Dataset records Start Marker

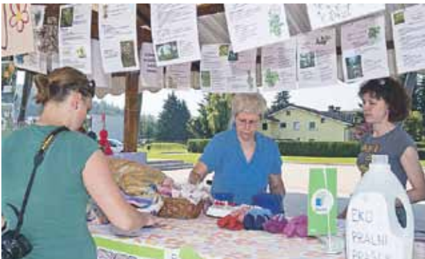
Na stojnici OŠ Dragomelj, ene od eko šol, smo med drugim dobili recept za pripravo domačega pralnega praška.

Vsekakor lahko ocenimo, da je bil namen prireditve v celoti dosežen. V okviru projekta BIO UŽITEK, ki ga sofinancira tudi EU, smo tako javnosti predstavili ekološko kmetijstvo in osnovna načela ekološko pridelane hrane. S tem se potrošnike tudi spodbuja k večji uporabi v Sloveniji pridelane ekološke hrane, spoštovanju sezonsko pridelanih živil iz neposredne okolice ter spoznavanju pristne, sveže, okusne hrane, ki je pravi užitek. Hkrati smo sledili tudi cilju, da se v to vključi čim več mladih, ki jih tako seznanjamo z osnovnimi načeli naravi in okolju prijaznega kmetovanja, spoštovanja do dela slovenskega kmeta in načina življenja, katerega vodilo je zdrav življenjski slog. Na koncu smo se razšli v upanju, da se spet vidimo na jesenskem, petem BIO DNEVU konec septembra. □
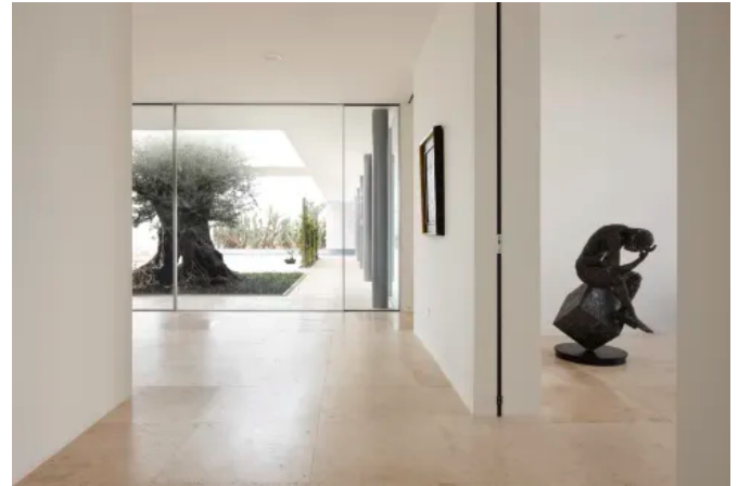
Höchster Objektschutz für Museen, Juweliere, Botschaften

Je höher die Widerstandsklasse, desto schwieriger der Einbruch. Während Standardfenster mit der Widerstandsklasse RC1 einen geringen Einbruchschutz aufweisen und daher von Einbrechern in relativ kurzer Zeit überwunden werden können, wird bei der hohen Widerstandsklassen RC4 bedeutend mehr Zeit und weiteres Spezialwerkzeug benötigt.
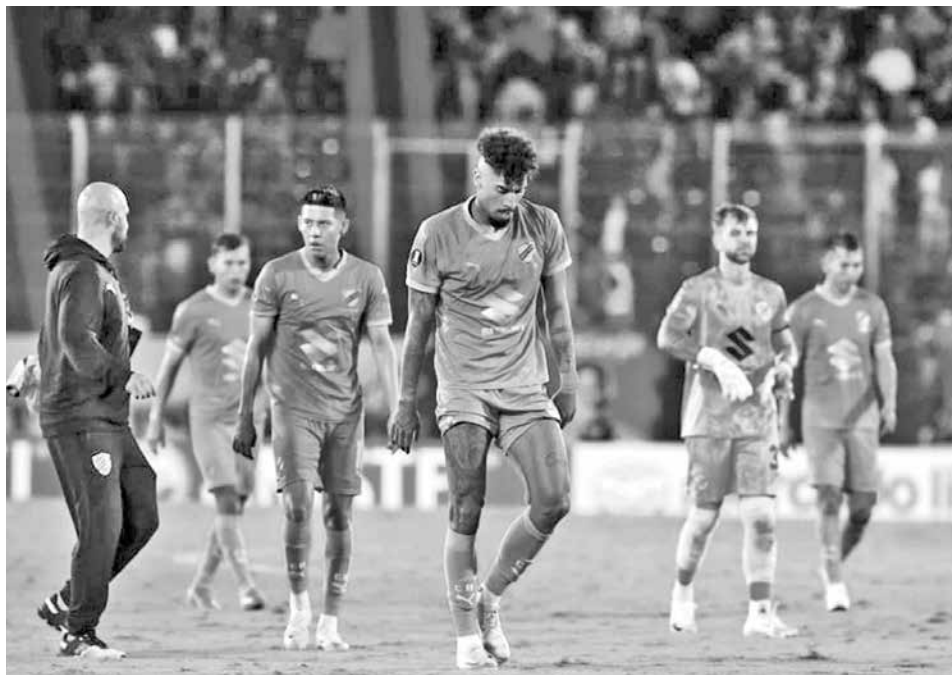
Jugadores de Bolívar salen cabizbajos tras la derrota ante Cerro Porteño, anoche.

ÁRBITRO: Alexis Herrera (Venezuela) ESTADIO: La Nueva Olla SEDE: Asunción PÚBLICO: 30.000 aproximadamente *Partido correspondiente a la fecha 1 del grupo G de Copa Libertadores 2025
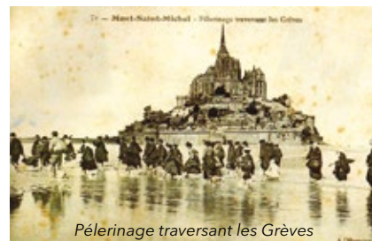
Pèlerinage traversant les Grèves
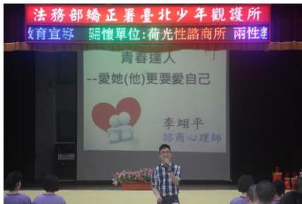
6月19日(兩性衛教宣導)
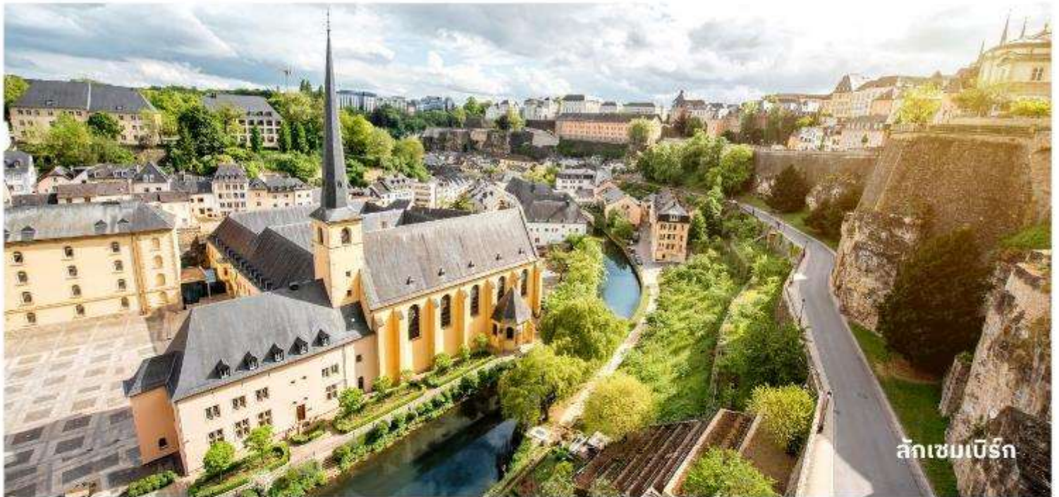
ลักเซมเบิร์ก

นำท่านถ่ายรูปด้านหน้า มหาวิหารนอเทรอดาม ซึ่งเป็นมหาวิหารโรมันคาทอลิก ตกแต่งด้วยสถาปัตยกรรมแบบโกธิคผสมกับเรอเนซองส์ โดดเด่นแปลกตาที่สุดแห่งหนึ่งในยุโรป จากนั้นนำท่านถ่ายรูปด้านหน้า Palace of the Grand Dukes เป็นที่อยู่อาศัยอย่างเป็นทางการของแกรนด์ดยุกแห่งลักเซมเบิร์ก
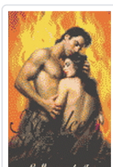
LLAMA Y LA FLOR, LA CISNE 45/1 WOODIWISS
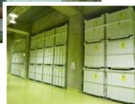
(地下2階の保管状況)
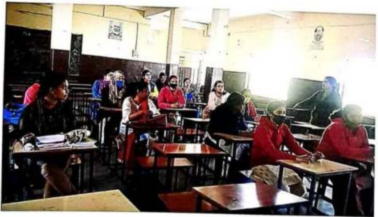
वाद विवाद प्रतियोगिता

Winnan College of Education, Parmeta, Jabalpur
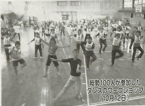
総勢100人が参加したダンスのワークショップ (10月12日)

Dataset records End Marker

__Goal of the exercise__
The records above are to be restated exactly, without their pictures.

__Solution below__
Na stojnici OŠ Dragomelj, ene od eko šol, smo med drugim dobili recept za pripravo domačega pralnega praška.

Vsekakor lahko ocenimo, da je bil namen prireditve v celoti dosežen. V okviru projekta BIO UŽITEK, ki ga sofinancira tudi EU, smo tako javnosti predstavili ekološko kmetijstvo in osnovna načela ekološko pridelane hrane. S tem se potrošnike tudi spodbuja k večji uporabi v Sloveniji pridelane ekološke hrane, spoštovanju sezonsko pridelanih živil iz neposredne okolice ter spoznavanju pristne, sveže, okusne hrane, ki je pravi užitek. Hkrati smo sledili tudi cilju, da se v to vključi čim več mladih, ki jih tako seznanjamo z osnovnimi načeli naravi in okolju prijaznega kmetovanja, spoštovanja do dela slovenskega kmeta in načina življenja, katerega vodilo je zdrav življenjski slog. Na koncu smo se razšli v upanju, da se spet vidimo na jesenskem, petem BIO DNEVU konec septembra. □
Höchster Objektschutz für Museen, Juweliere, Botschaften

Je höher die Widerstandsklasse, desto schwieriger der Einbruch. Während Standardfenster mit der Widerstandsklasse RC1 einen geringen Einbruchschutz aufweisen und daher von Einbrechern in relativ kurzer Zeit überwunden werden können, wird bei der hohen Widerstandsklassen RC4 bedeutend mehr Zeit und weiteres Spezialwerkzeug benötigt.
Jugadores de Bolívar salen cabizbajos tras la derrota ante Cerro Porteño, anoche.

ÁRBITRO: Alexis Herrera (Venezuela) ESTADIO: La Nueva Olla SEDE: Asunción PÚBLICO: 30.000 aproximadamente *Partido correspondiente a la fecha 1 del grupo G de Copa Libertadores 2025
Pèlerinage traversant les Grèves
6月19日(兩性衛教宣導)
ลักเซมเบิร์ก

นำท่านถ่ายรูปด้านหน้า มหาวิหารนอเทรอดาม ซึ่งเป็นมหาวิหารโรมันคาทอลิก ตกแต่งด้วยสถาปัตยกรรมแบบโกธิคผสมกับเรอเนซองส์ โดดเด่นแปลกตาที่สุดแห่งหนึ่งในยุโรป จากนั้นนำท่านถ่ายรูปด้านหน้า Palace of the Grand Dukes เป็นที่อยู่อาศัยอย่างเป็นทางการของแกรนด์ดยุกแห่งลักเซมเบิร์ก
LLAMA Y LA FLOR, LA CISNE 45/1 WOODIWISS
(地下2階の保管状況)
वाद विवाद प्रतियोगिता

Winnan College of Education, Parmeta, Jabalpur
総勢100人が参加したダンスのワークショップ (10月12日)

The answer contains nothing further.